EXERCISE PROMPT:
From the entries below, transcribe exactly the lines between the line holding "WINNEO ADVICE: The" and the line holding "而对于非首次参与活动的博士们", inclusive; skip all other lines.

DATA TO EXAMINE:

*** Block opens ***

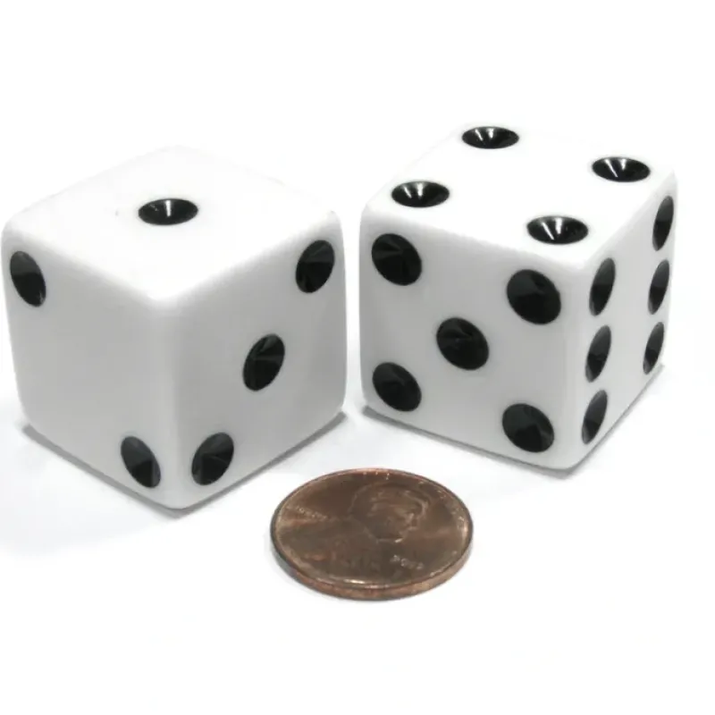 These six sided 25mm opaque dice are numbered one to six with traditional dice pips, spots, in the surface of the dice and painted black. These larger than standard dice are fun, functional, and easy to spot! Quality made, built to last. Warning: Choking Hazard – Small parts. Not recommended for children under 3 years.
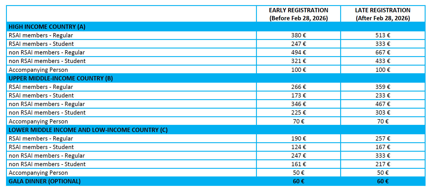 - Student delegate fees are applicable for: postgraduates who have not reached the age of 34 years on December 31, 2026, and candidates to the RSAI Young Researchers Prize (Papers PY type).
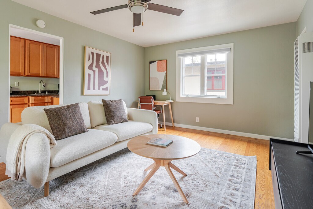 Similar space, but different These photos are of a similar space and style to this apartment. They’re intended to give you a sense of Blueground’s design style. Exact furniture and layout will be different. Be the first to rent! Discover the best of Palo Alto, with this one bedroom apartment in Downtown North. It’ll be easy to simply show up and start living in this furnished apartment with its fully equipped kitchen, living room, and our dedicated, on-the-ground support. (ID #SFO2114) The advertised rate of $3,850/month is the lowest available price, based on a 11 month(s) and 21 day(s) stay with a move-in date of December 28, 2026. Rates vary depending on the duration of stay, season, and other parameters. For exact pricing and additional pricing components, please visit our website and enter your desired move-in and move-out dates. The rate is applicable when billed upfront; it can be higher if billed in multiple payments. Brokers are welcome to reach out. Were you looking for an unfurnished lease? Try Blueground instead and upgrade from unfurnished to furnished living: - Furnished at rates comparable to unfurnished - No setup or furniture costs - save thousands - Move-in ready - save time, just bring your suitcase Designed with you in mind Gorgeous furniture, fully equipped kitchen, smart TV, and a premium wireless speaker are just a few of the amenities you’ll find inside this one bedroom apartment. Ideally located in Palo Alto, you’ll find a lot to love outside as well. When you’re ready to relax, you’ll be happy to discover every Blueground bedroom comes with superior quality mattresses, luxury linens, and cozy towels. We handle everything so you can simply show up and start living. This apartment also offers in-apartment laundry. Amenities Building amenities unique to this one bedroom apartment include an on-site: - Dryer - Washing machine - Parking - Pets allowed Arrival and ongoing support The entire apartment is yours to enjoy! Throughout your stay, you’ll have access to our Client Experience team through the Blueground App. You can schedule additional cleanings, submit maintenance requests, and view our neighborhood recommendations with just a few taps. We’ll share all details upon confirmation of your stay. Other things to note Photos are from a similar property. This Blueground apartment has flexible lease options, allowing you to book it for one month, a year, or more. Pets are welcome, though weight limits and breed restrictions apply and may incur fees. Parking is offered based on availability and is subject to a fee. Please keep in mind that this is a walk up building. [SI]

*** Block closes ***
*** Block opens ***

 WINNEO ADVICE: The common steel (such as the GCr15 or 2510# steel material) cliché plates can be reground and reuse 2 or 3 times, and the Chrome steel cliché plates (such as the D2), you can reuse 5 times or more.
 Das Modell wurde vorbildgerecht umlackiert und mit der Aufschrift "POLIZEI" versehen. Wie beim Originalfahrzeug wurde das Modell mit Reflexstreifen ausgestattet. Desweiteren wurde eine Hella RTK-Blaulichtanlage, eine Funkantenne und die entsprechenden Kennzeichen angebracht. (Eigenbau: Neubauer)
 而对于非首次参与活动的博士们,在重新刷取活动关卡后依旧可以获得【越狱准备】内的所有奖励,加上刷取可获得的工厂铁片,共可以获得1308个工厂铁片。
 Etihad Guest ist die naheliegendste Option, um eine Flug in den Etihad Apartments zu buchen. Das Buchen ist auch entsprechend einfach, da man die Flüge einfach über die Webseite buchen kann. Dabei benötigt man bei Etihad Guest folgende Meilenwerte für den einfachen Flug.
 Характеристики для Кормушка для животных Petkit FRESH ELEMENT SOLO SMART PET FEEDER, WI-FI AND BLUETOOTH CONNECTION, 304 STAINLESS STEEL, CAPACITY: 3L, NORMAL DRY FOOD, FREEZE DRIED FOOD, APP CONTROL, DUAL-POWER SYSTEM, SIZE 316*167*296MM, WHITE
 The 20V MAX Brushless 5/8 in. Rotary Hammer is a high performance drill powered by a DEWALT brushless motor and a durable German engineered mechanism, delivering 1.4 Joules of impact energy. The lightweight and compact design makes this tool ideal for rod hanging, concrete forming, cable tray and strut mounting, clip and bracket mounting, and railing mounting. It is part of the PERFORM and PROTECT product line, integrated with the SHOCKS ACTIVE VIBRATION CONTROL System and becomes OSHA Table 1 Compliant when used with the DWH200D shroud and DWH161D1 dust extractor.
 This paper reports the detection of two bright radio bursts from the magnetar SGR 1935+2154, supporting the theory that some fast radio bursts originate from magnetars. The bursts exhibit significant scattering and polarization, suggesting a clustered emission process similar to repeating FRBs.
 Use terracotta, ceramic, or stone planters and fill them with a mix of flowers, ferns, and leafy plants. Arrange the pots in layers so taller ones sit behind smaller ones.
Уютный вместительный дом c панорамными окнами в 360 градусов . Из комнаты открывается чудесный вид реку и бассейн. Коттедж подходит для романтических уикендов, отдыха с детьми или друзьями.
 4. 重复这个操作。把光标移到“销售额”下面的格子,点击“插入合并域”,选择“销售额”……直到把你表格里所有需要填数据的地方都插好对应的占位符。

*** Block closes ***

ANSWER BOX:
 WINNEO ADVICE: The common steel (such as the GCr15 or 2510# steel material) cliché plates can be reground and reuse 2 or 3 times, and the Chrome steel cliché plates (such as the D2), you can reuse 5 times or more.
 Das Modell wurde vorbildgerecht umlackiert und mit der Aufschrift "POLIZEI" versehen. Wie beim Originalfahrzeug wurde das Modell mit Reflexstreifen ausgestattet. Desweiteren wurde eine Hella RTK-Blaulichtanlage, eine Funkantenne und die entsprechenden Kennzeichen angebracht. (Eigenbau: Neubauer)
 而对于非首次参与活动的博士们,在重新刷取活动关卡后依旧可以获得【越狱准备】内的所有奖励,加上刷取可获得的工厂铁片,共可以获得1308个工厂铁片。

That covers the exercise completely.